United Gets Off Easy, Pays $2.4M Penalty For Using Planes To Chauffeur Airport Exec To Vacation Home

Image courtesy of (Jason Daniel Brown)

Last year, United Airlines CEO Jeff Smisek abruptly resigned amid a federal investigation into allegations that the airline had provided illegal special favors to an official in charge of Newark Liberty International Airport — including relaunching a route to South Carolina that just happened to be near a home owned by that official.
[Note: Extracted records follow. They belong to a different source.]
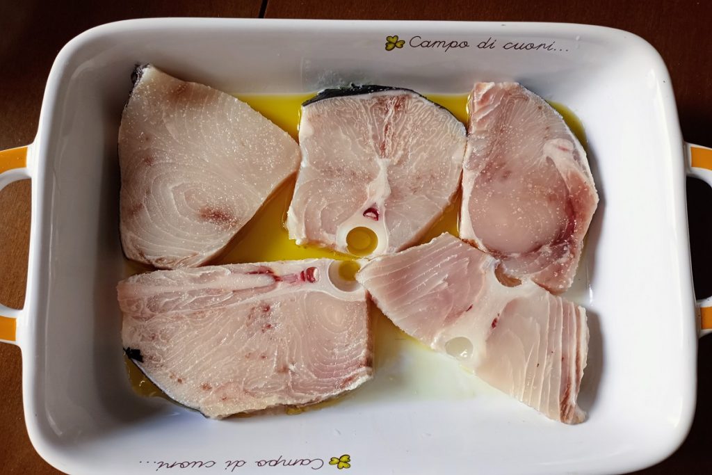 Colocamos los filetes de pez espada condimentados con sal y ajo en polvo en una fuente para horno con un poco de aceite EVO en el fondo.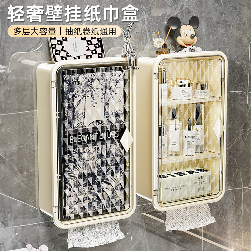 轻奢洗脸巾收纳盒纸巾盒壁挂式厨房卫生间厕所浴室倒挂抽纸盒透明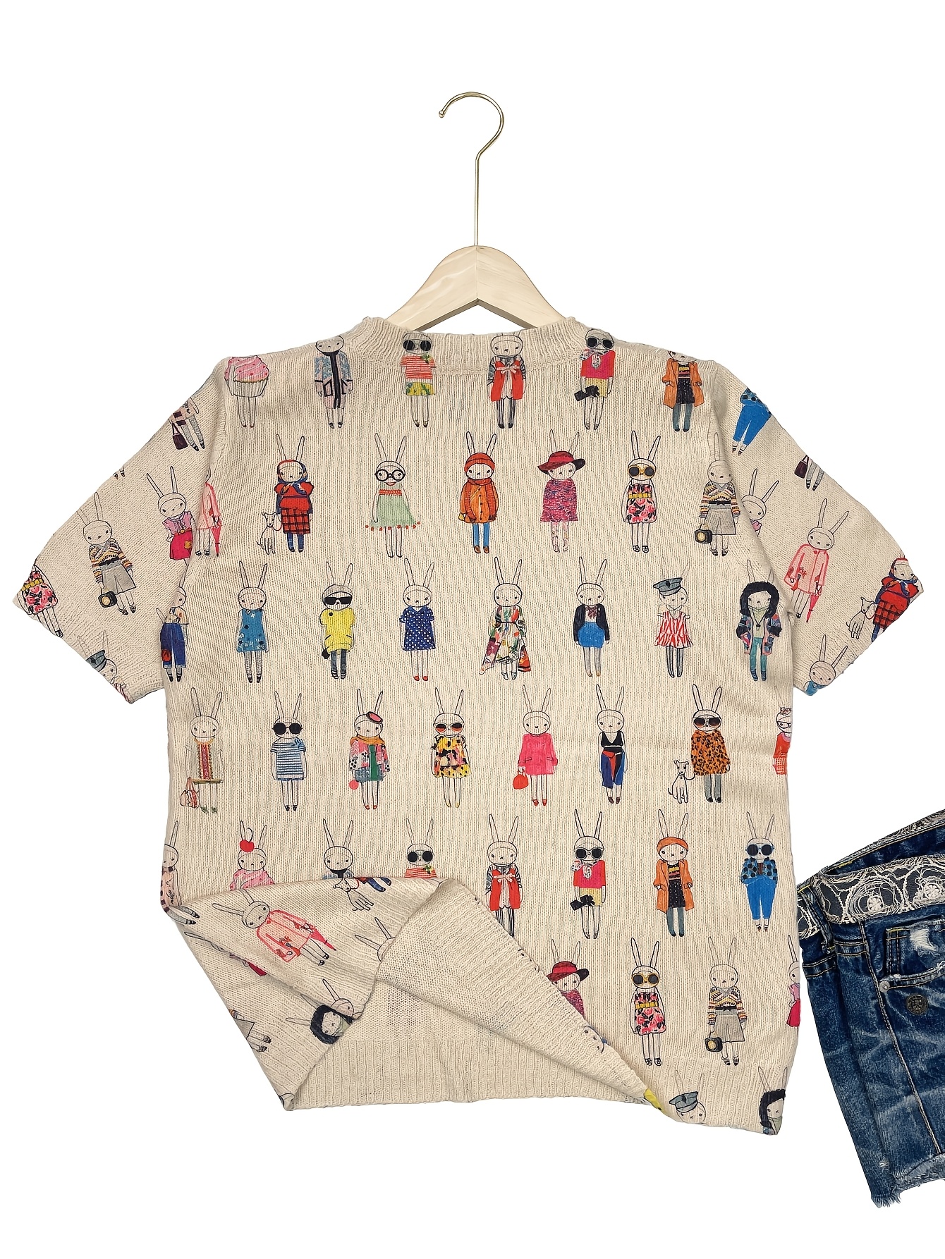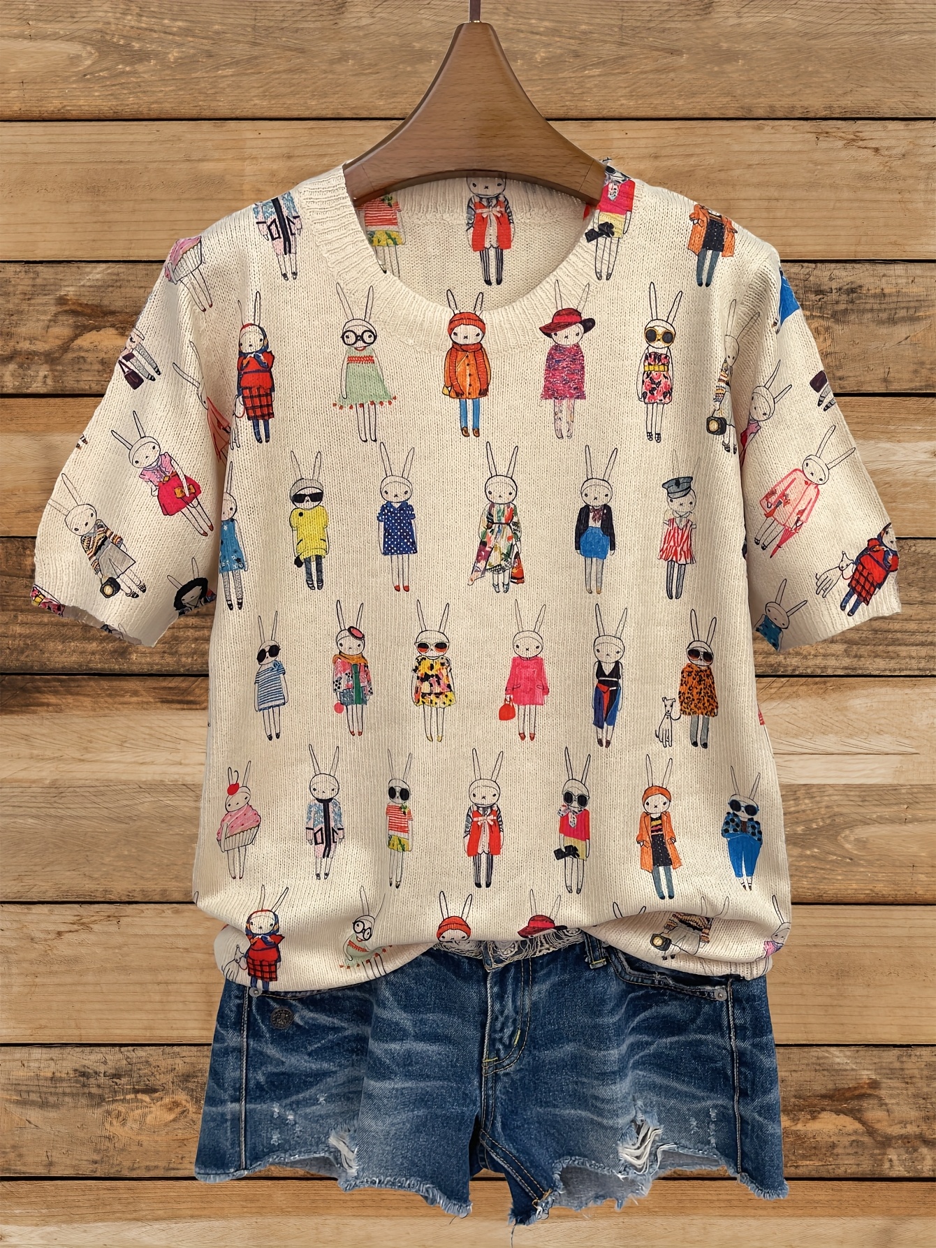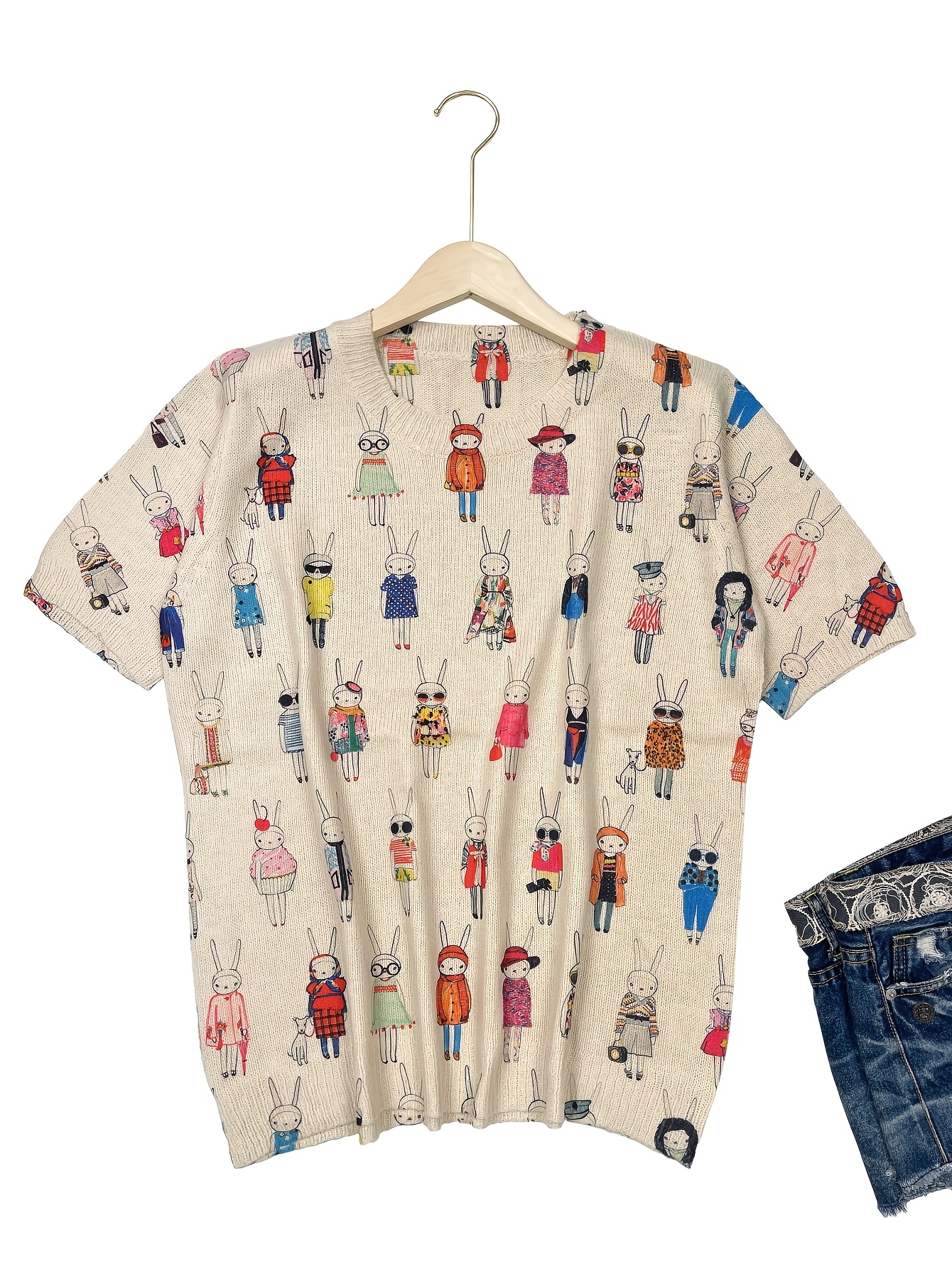 [All-Over Print] [Thin] [Sweater] All-Over Print Rabbit Woman Pattern Thin, Casual Crew Neck Short Sleeve Sweater, Women's Clothing Mother's Day Gift

United has now agreed to pay $2.4 million to settle a Securities and Exchange Commission investigation into these allegations — just a tiny portion of the financial benefit the airline received as a result of this back-room dealing.

The Securities and Exchange Act requires that United maintain a system of internal accounting controls sufficient to prevent the misuse of the airline’s assets, and that the airline’s books “accurately and fairly reflect” the transactions made by the airline.

However, five years ago — shortly after United acquired Continental Airlines and promoted Continental CEO Smisek to run the combined organization — the airline relaunched a route from Newark to Columbia, SC, even though United had already concluded that this particular route would be a money-loser. In fact, only two years earlier Continental had shut down the Columbia route because it made no financial sense.

So why did they do it? To get in the good graces of David Samson, who had at the time recently been named Chairman of the Port Authority of New York and New Jersey, the organization that operates Newark International.

Before the United/Continental merger, Continental had the largest presence of any single airline at the New Jersey airport. The combination of the two airlines only made Newark that much more important. According to the SEC, as soon as Samson stepped into his key role at the Port Authority in early 2011, he began to pressure United into offering this flight.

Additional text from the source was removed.